Hamiltonian and exclusion statistics approach to discrete forward-moving paths

We use a Hamiltonian (transition matrix) description of height-restricted Dyck paths on the plane in which generating functions for the paths arise as matrix elements of the propagator to evaluate the length and area generating function for paths with arbitrary starting and ending points, expressing it as a rational combination of determinants. Exploiting a connection between random walks and quantum exclusion statistics that we previously established, we express this generating function in terms of grand partition functions for exclusion particles in a finite harmonic spectrum and present an alternative, simpler form for its logarithm that makes its polynomial structure explicit.

Figure 1

A typical path [solid (purple) meander] for $k=4$, starting at $m=1$ and ending at $n=2$, of length $l=13$ steps. The area under it is 27.5 plaquettes and subtracting the area of the triangular “sierra” at the bottom $l/2=6.5$ we obtain $A=21$. Relevant to the conventions after Sec. 4a, its length can also be expressed as $l=6.5$ double steps and $A=21/2=10.5$ “diamonds” formed by the dashed lines (there is a half-diamond at the last step of the path).

Figure 2

A geometric interpretation of recursion relation (3.21) as a “first passage” equation. Any excursion (one of length 24 pictured above) can be decomposed into a first-passage path returning to height $j=0$ for the first time [first (blue and orange) part of path] and the remaining (purple) arbitrary excursion. For paths of length at least two, the first-passage path has a first and a last step [lower (blue) links]. The remaining upper (orange) part never dips below $j=1$ and can be interpreted as an excursion, but with a ceiling reduced by 1 and an area increased by its length (shaded plaquettes).
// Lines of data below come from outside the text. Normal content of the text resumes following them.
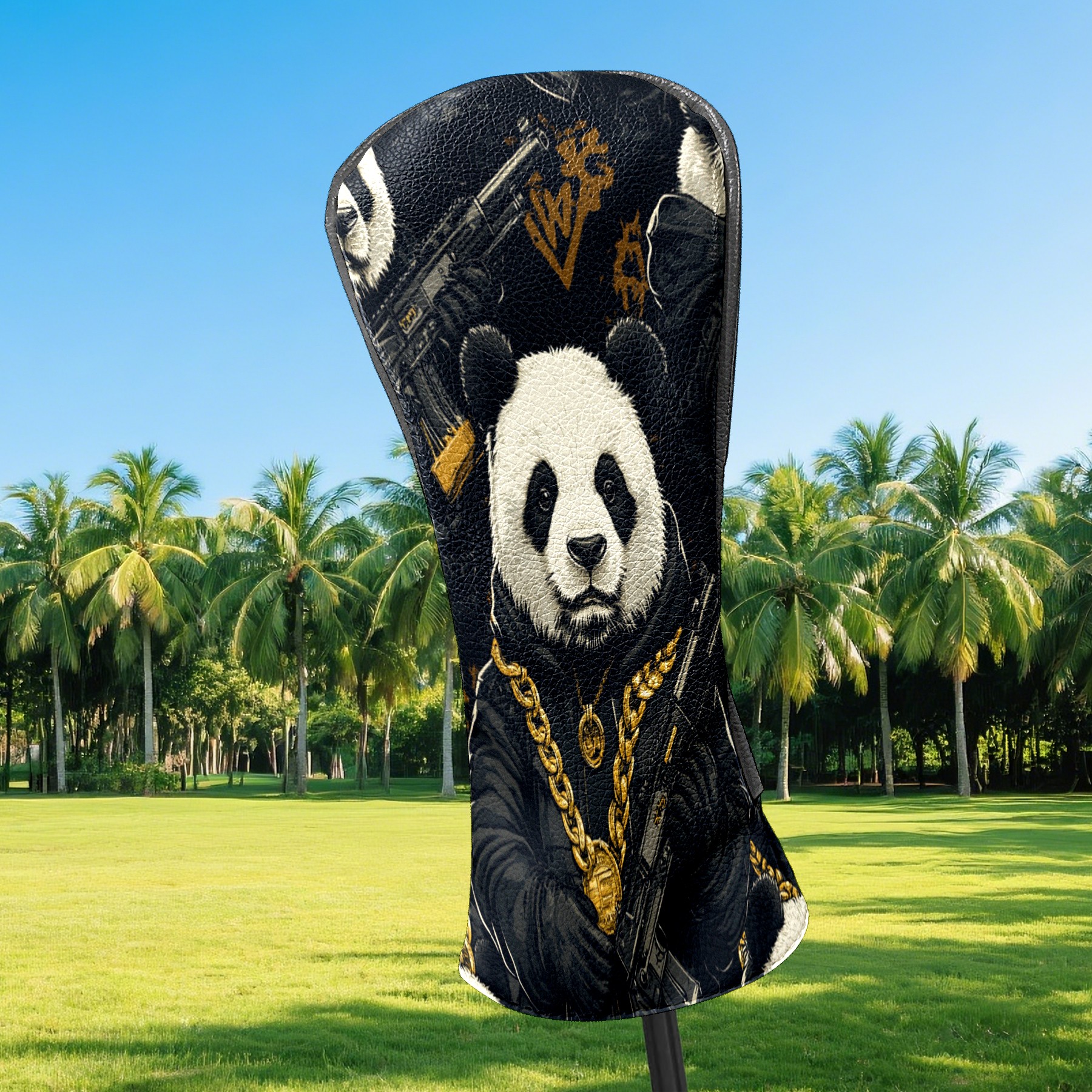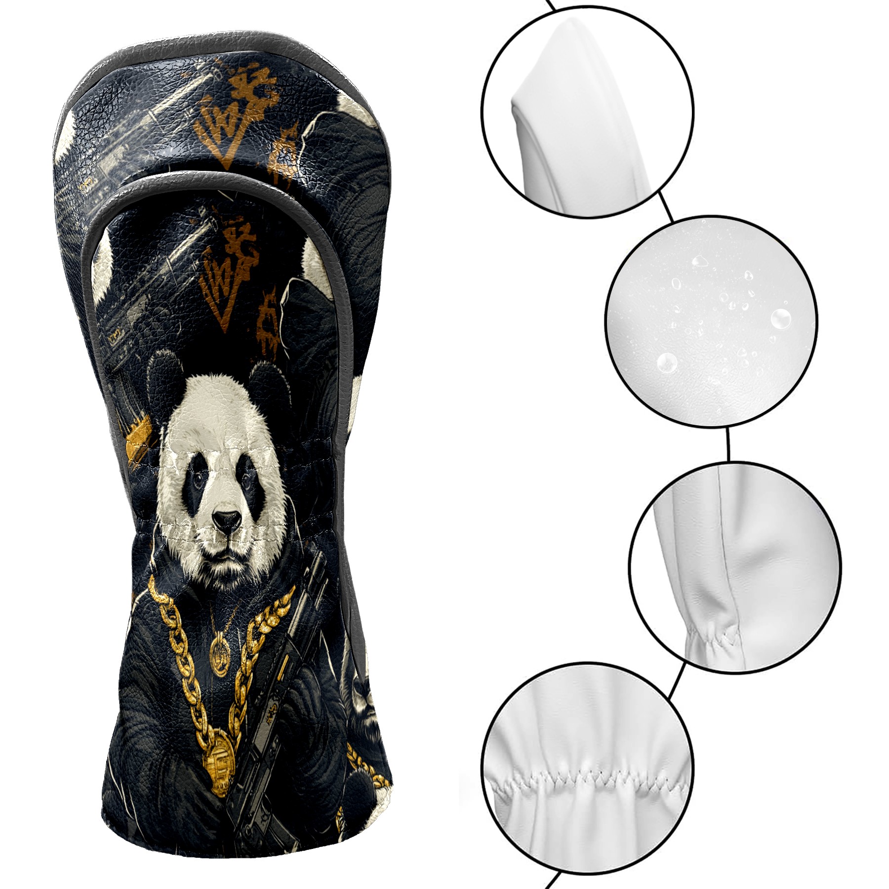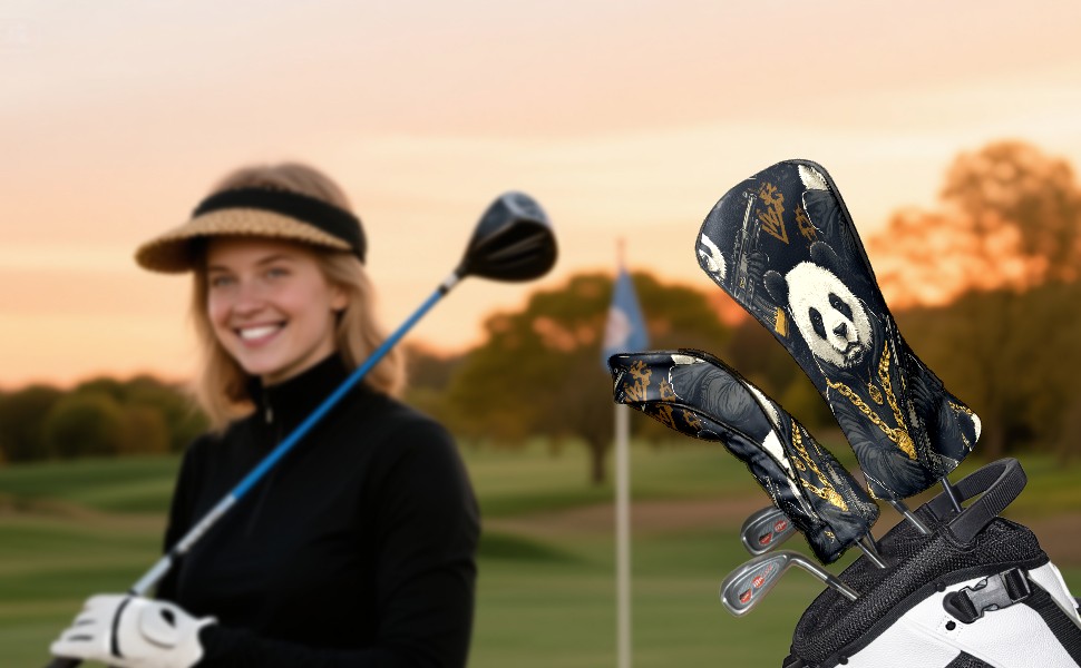 Golf Club Head Cover, High Quality PU Leather Driver and Wood Club Head Cover with Anti-Scratch Lining, Big Boss Panda Universal Gift for Men and Women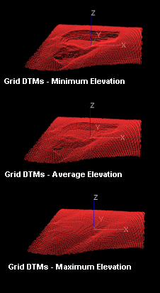 The following image represents the matrix of points generated when the Combine Elevations option is set to Minimum, Average and Maximum respectively. In this example, a grid increment of '10' was used to prevent the generation of a large density of grid points: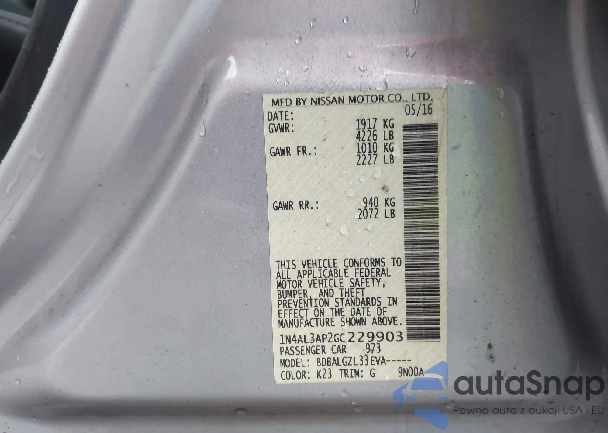 • VIN 1N4AL3AP2GC229903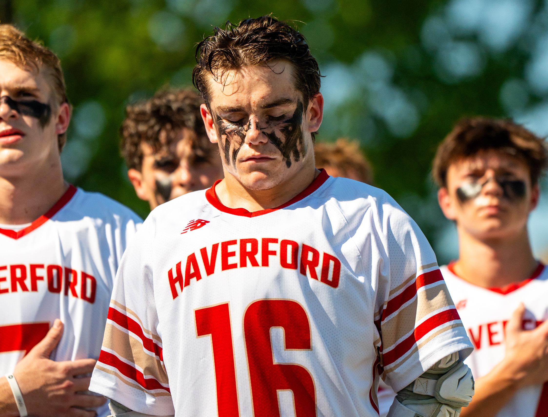 Andrew Lyon ’24 reflects during the National Anthem prior to the May 2 Malvern game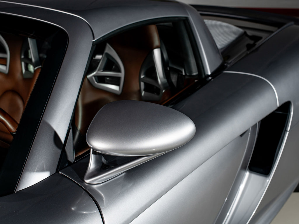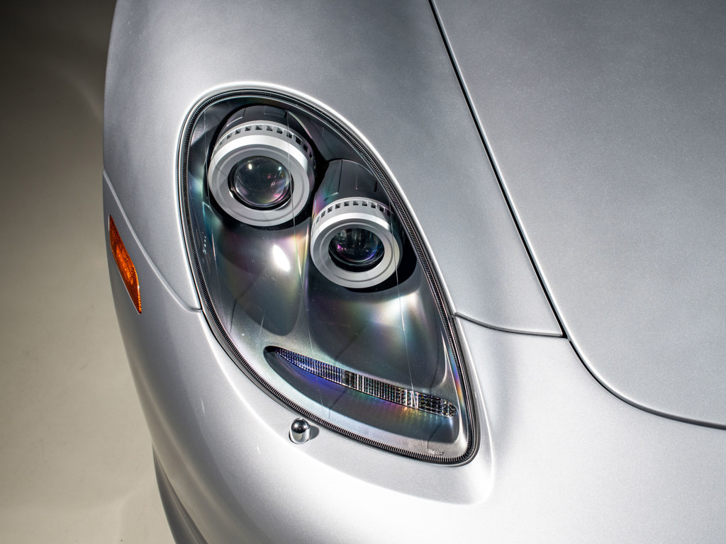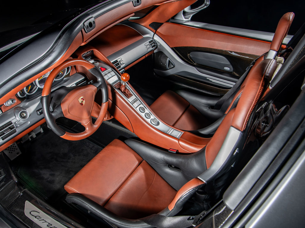 This 2005 Porsche Carrera GT, offered from the Drift Capital Collection, is a US-market example with only 603 miles. Finished in GT Silver Metallic over Ascot Brown and Natural Black leather, it boasts a recent $89,000 service and comes with numerous accessories, making it a highly desirable analog masterpiece.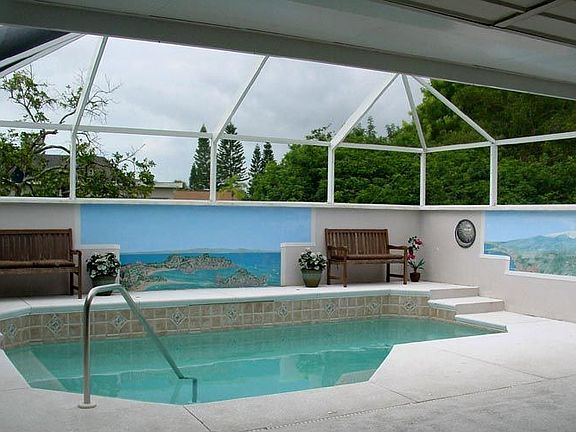 Move in ready pool home in the Gardens of Gulf Cove. 3 bedrooms, 3 baths - Remodeled with European style. Bedroom and bath 3 plus pool added in 2005. Unique and private courtyard spa/pool retreat has solar heat and tankless elec heat, powerful jets, waterfall, program color pool light and an outdoor shower. Updated kitchen with pass thru to lanai, tiled back splash, skylight. Master bath has bidet and towel warmer. Neutral ceramic tile floors except carpet in living room. Plantation shutters. 13' x 20' covered lanai area with 8' sliding patio POCKET DOORS - Can easily be closed in for even more living area. Front entry pergola. Mango and grapefruit trees. Curbed pebble garden area with pavers. One car garage is air conditioned with laundry, storage and work bench. Low annual HOA fee for Gardens of Gulf Cove amenities includes 2 community pools, tennis and secure RV Storage Lot. Activities offered include Aerobics, Aquacize, Arts & Crafts, Basketball, Bocce, Bowling, Bridge, Exercise, Chorus, Garden & Beautification Club, Horseshoes, Koffee Klatch, Poker, Shuffleboard. Just minutes to Englewood Beach and the Gulf of Mexico. MOTIVATED SELLER.

Summing over all paths gives the full generating function $G_k(Z,Q)$ as the product of itself [second (purple) excursion] times $G_{k-1}(ZQ,Q)$ [first (orange) excursion], the shift $Z\to ZQ$ accounting for the increase in the area, times $Z^2$ contributed by the two lower (blue) links. The trivial path of zero length and area cannot be decomposed and contributes the term 1 in (3.21). Relations (3.18) also admit a similar first-passage interpretation.

Figure 3

A “tiled roof” path of maximal area for $k=4$, starting at $m=1$ and ending at $n=2$, of length $l=2a+n-m=13$, so for $a=6$, zigzagging $a-k+n=4$ times at the ceiling. The total area in diamonds is given by the second term in (5.16) and the $lnq$ coefficient in (5.14) as $(k-n-1)(2a-k+n)/2+an+(n-m)(n+m-1)/4=17.5$, agreeing with the number of diamonds in the figure.